Job

In assessing whether there are benefits to having teens work, a recent National Bureau of Economic Research working paper sifts through an enormous amount of data from two long-running government surveys.

While it can be exceedingly complicated to tease out the answer to a question like this, the researchers make a valiant effort to make sense of the information. 

So what did they find? Should you send your kid to the coal mines or what? (kidding, kidding)

The economic benefits of work
I was surprised to discover that the vast majority of students work at some point during high school, and 75% have jobs during part or all of their senior year.

That work also had a palpable effect on kids as they grew into their 20s, according to the report: "Adult wages and weeks worked are typically lowest for those who did not work as students during the academic year and are generally highest for those who worked long hours."

However, those wage benefits have declined significantly over time, both for kids who worked during the school year and those who worked only in summer.

 In other words, if you think your high schooler should work because it will help their future earnings, you might be on to something -- but it's not helping as much as it used to.

Interestingly, it doesn't matter if students were college-bound or not. The earnings and tenure benefits apply to everyone.

What about other benefits? 
Of course, there are many other reasons you might want your kid to work.

Whether it's teaching responsibility, coping skills for the workplace, or an appreciation for money, you could probably come up with a pretty long list of arguments in favor of teens taking jobs.  

The study found that "college completion rates were highest for those who worked relatively short (0-10) hours in their senior year of high school." Of course, you can't tease out cause and effect from that tidbit alone, but it is possible that a bit of work can go a long way.

Looking more broadly, the evidence is mixed. Some researchers have found that a certain amount of work is good for kids, while too much can cause harm both academically and psychologically. An Australian study found that working more hours is generally associated with worse outcomes, unless students are using earnings to save for college. 

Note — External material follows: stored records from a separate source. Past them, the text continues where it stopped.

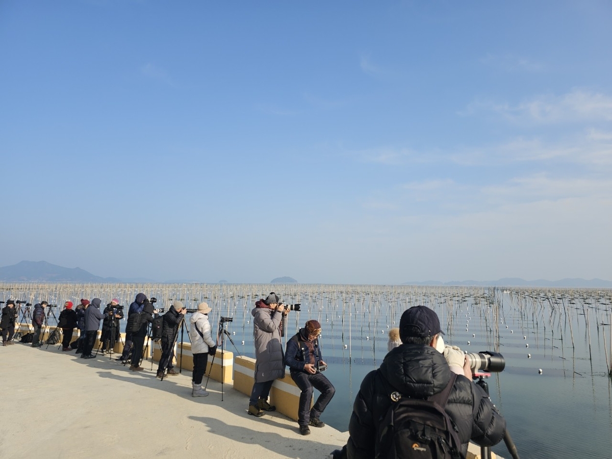 장흥군 대덕읍 매생이 양식장이 겨울철 사진명소로 주목받으며 전국 사진 작가와 동호회 회원들의 발길이 이어지고 있다.
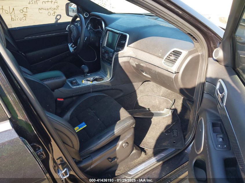 Wheels ranged from 17" silver alloys (Laredo) to 20" polished aluminum (Summit, Overland). SRT models featured staggered 20" lightweight forged wheels with Brembo brakes behind them. Trailhawk models used all-terrain tires and steel skid plates for off-road readiness.
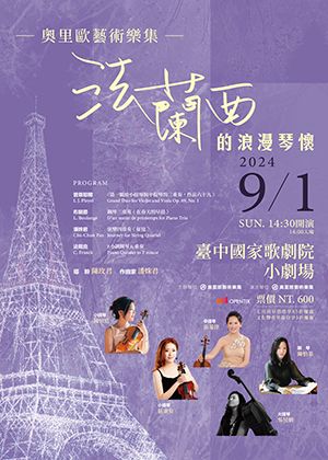 奧里歐藝術樂集 過往演出 2024.09.01 (日) 臺中國家歌劇院 2024奧里歐藝術樂集《法蘭西的浪漫琴懷》 #陳依廷/莊秉育/吳昱嫺/張菱津/陳怡蓁 #奧里歐藝術樂集OrioArts #法蘭西的浪漫琴懷 #室內樂 2025.06.21 (六) 北港文化中心 《寶島巡禮 之 ⾳韻中的星空》 #奧里歐藝術樂集 #鋼琴五重奏 #法蘭西 #室內樂 我們覺得或許你也會喜歡 福山國小國樂團 嘉頌擊樂 字母人工作室 蘭之馨黃梅調劇藝坊 高雄凱撒帝苑 Theatre Nohgaku

Doing what's best for the individual
As with most things in life, it seems the "right" answer to the question of whether high school work is good or bad depends primarily on the situation and the child. 

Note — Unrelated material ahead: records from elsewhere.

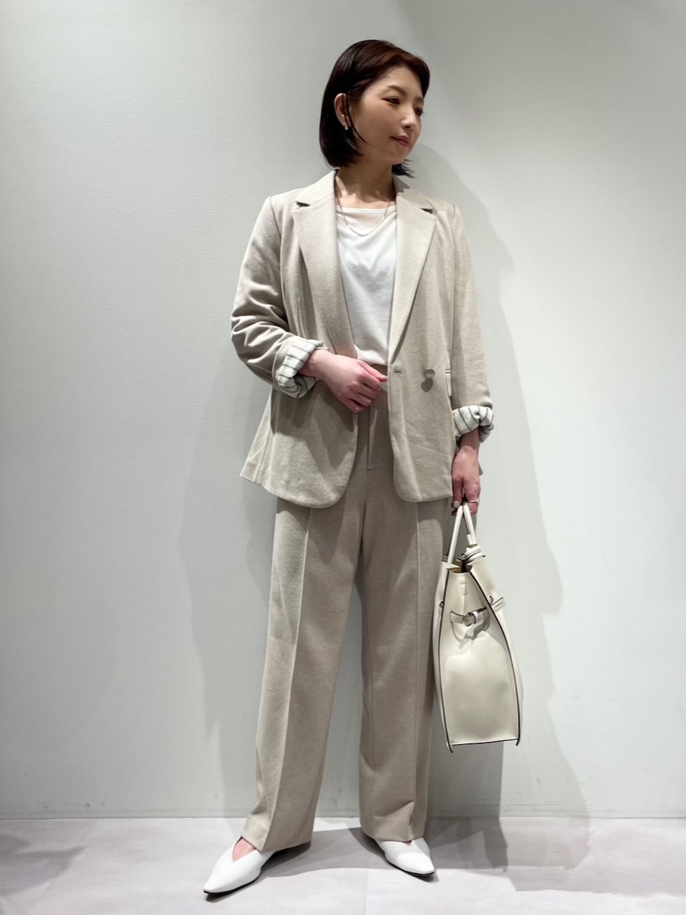 【◇冬物新作◇ ツイルジャージSET UPコーデ♪】 【ジャケット】 着用サイズ:36サイズ ▼サイズ感 肩幅広めの体型ですが、36サイズでも程よくゆったり着られました! 丈はヒップが隠れるくらいの着丈です✨ ▼着心地・生地感 袖の裏地はストライプなので、折り返すとポイントになります^_^ ウール混のジャージ素材で、軽くて暖かくストレスフリーな着心地✨ 手洗い可能なのも嬉しいポイントです♪ ▼コメント インナーにトレンド感のあるベロアロンTを合わせました♪ ボトムをデニムに変えてカジュアルなスタイルもおすすめです^_^ 【パンツ】 着用サイズ:36サイズ ▼サイズ感 36.38.40サイズの3サイズ展開。 ウエストゴムでゆったりめのシルエットですので、36サイズで丈感もちょうど良く穿けました^_^ ▼着心地・生地感 ウール混のジャージ素材で、伸縮性がありとても柔らかな穿き心地✨ ウエストゴム&紐、前ファスナーで着脱もしやすいです‼︎ ピンタックで縦長に見えるシルエットで、オンオフ穿いていただけます♪ ▼コメント 同素材のジャケットで合わせたセットアップコーデは、きちんとしたシーンにも◎♪ ストレスフリーで穿けるパンツは、カジュアルなコーディネートにもおすすめですよ^_^
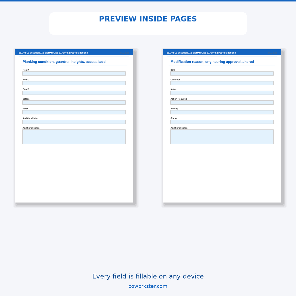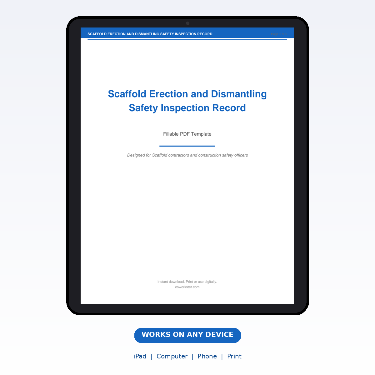 If you have been looking for a scaffold erection and dismantling safety inspection record that actually works the way you need it to, this is it. We designed this 5 page fillable PDF specifically for Scaffold contractors and construction safety officers who want something practical, organized, and ready to use right away.
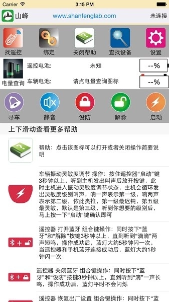 主要用于搭配山峰防盗产品系列使用,通过手机的蓝牙功能进行连接。
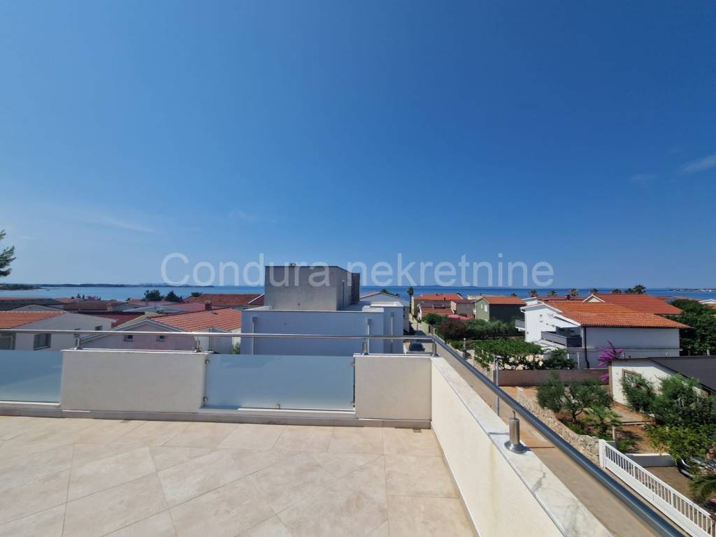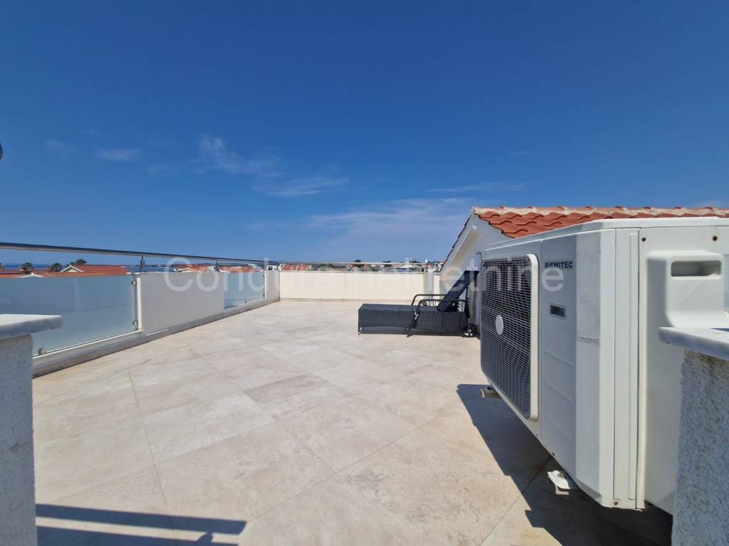 It consists of a basement, ground floor, first floor and a roof terrace with a beautiful open view of the sea and islands. On the ground floor and first floor there are a total of 4 apartments (two on each floor). Each apartment has a net area of 39 m2 and consists of one bedroom, bathroom, kitchen with living room and a covered terrace. All apartments have a separate private entrance from the yard or external staircase.
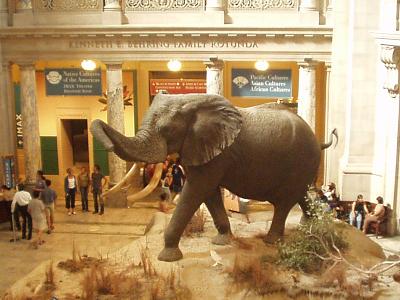 スミソニアン自然史博物館、ゾウがお出迎え、化石
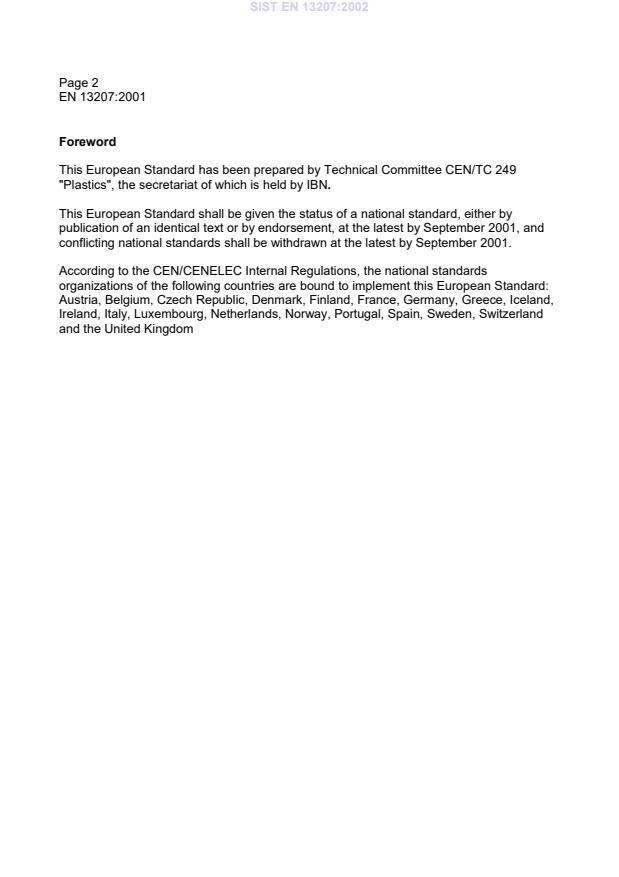 EN 13207:2001 is classified under the following ICS (International Classification for Standards) categories: 65.040.20 - Buildings and installations for processing and storage of agricultural produce; 83.140.10 - Films and sheets. The ICS classification helps identify the subject area and facilitates finding related standards.

If your kid is an energetic powerhouse or desires the independence of paid employment, that's one thing. If he or she would much rather cultivate a talent for a trade or entrepreneurship instead of prepping for a liberal arts degree, your situation might also look different. Family economics, your child's maturity and coping ability, and various other factors could also influence matters. 

At heart, it's a matter of assessing what's right for each teen individually -- statistics are incredibly powerful for populations, but, in the end, they can't exactly tell you how to parent your own child.